In my school days, calculators were not available, so it was important for us to master the classical algorithms. In contrast, in the 21st century we are preparing today’s students to go out into, unlimited computation power is as freely available as running water and electricity, so it makes more sense to ensure our students can make good use of that utility.
I find it ironic that someone who, some years ago, insisted that multiplication is not repeated addition, is now supportive of children drawing so many dots to "study" multiplication.
Personally, I have no problem with drawing dots to support a child who is learning the concept of multiplication (even if it does have a whiff of repeated addition about it). However, when drawing dots becomes a prescribed method, then we have a serious problem.
To describe the image chosen by The NY Times as a "sensible and deep use of dot diagrams" and "all about creative thinking" is akin to describing a baby "experimenting with space" when he/she throws a toy across the room. I think the only sense in which this example is deep is the way the author continues to dig himself!
I certainly don't advocate going back to the old ways in which the mother was educated. There is, however, a huge difference between a research mathematician analyzing dot patterns because s/he has decided that it looks like a promising way to approach an unsolved problem and a child being *assigned* to draw massive numbers of dots to solve problems s/he may feel she already knows how to do without being given any clearly explained motivation for WHY she should be doing this exercise. There are many other approaches to do this same kind of learning in ways that might be more engaging as well as easier for young children who may have fine motor skills issues or visual alignment difficulties (eg crossed eyes) which could make it hard to draw and count dots. Arranging pennies or Lego squares or other manipulatives into arrays could serve the same purpose. The problem is not the pedagogy behind the dots. The problem is mass-produced mindless worksheets which do not motivate the kind of mindful problemsolvers we need.

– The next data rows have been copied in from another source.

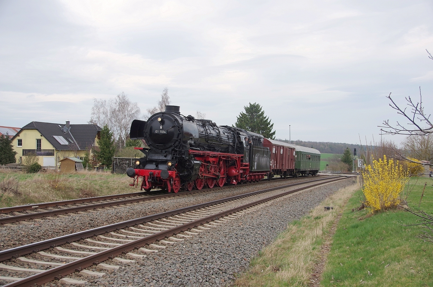 Dampflok 01 1104 (012104) von Faszination Dampf am 22.03.2024 in Großschwabhausen nach Eisenach unterwegs.
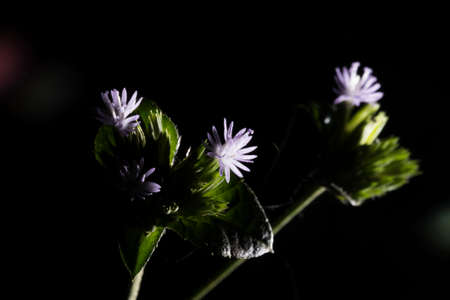 Beautiful nature background with cute white flowers and purple leaves. top view. High quality photo
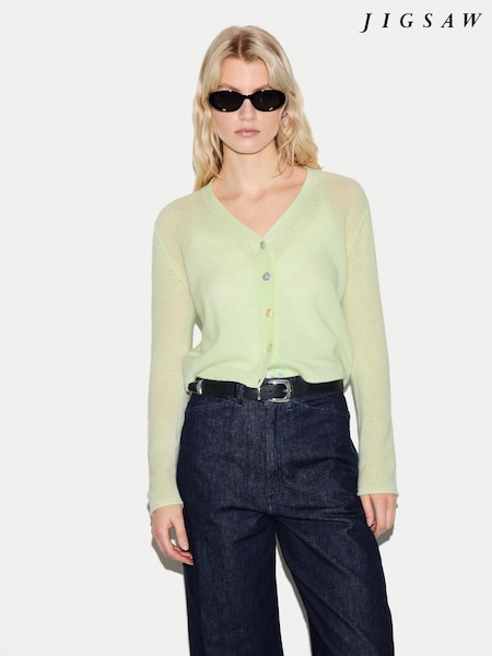 Jigsaw Green Merino Cashmere V-Neck Cardigan
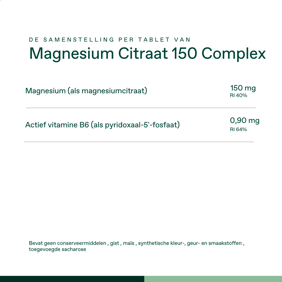 Magnesiumcitraat, vulstof (microkristallijne cellulose (cellulosegel), Croscarmellose natrium, Cellulose (HPC)), Antiklontermiddel (Magnesiumstearaat)< Vitamine B6 (Pyridoxaal-5-fosfaat), Glansmiddel (HPMC, MCT-olie)

Not sure what Audrey Tan finds as ironic – dot diagrams of different kinds provide ways to help gain understanding, by focusing attention on the possible structures and the patterns. The Times illustration showed a dot diagram that focuses on one of several important instantiations of multiplication. I think Ms Tan is too focused on the dots themselves, and missing the depth of structure that a dot diagram can lead to. We do, after all, view Newton’s (mythical) observation of the falling apple as having scientific significance – he was indeed, if not “experimenting with space”, then very definitely “observing and reflecting on space”. The depth lies not in the activity but is what is going on inside the person’s head. Of course, mindless drawing of dots has no benefit, and a worksheet that demands students use dot diagrams as the solution method would surely not be productive. But that would be a problem with the teaching, not the CCSS.
I agree with everything Mary O’Keefe writes, and never suggested anything at odds with what she says. What the CCSS set out to do, and what I was advocating, is shift the focus from learning specific procedures (now done for us by machines) to acquiring the ability to think like a mathematician. And the fact is, mathematicians spend a lot of time reflecting on concepts and problems until they achieve sufficient understanding (not infrequently using dots diagrams to aid the cognitive process). That kind of thinking is the marketable mathematical ability for the 21st Century.
Mary O'Keefe states: "I certainly don't advocate going back to the old ways in which the mother was educated."
Can you elaborate on the ways you believe the mother was educated and why you think they were bad? I can provide you examples of textbooks from the 30's through the 60's which show that not only was math NOT taught by rote, but provided the contextual and conceptual explanations that are continually mischaracterized as missing.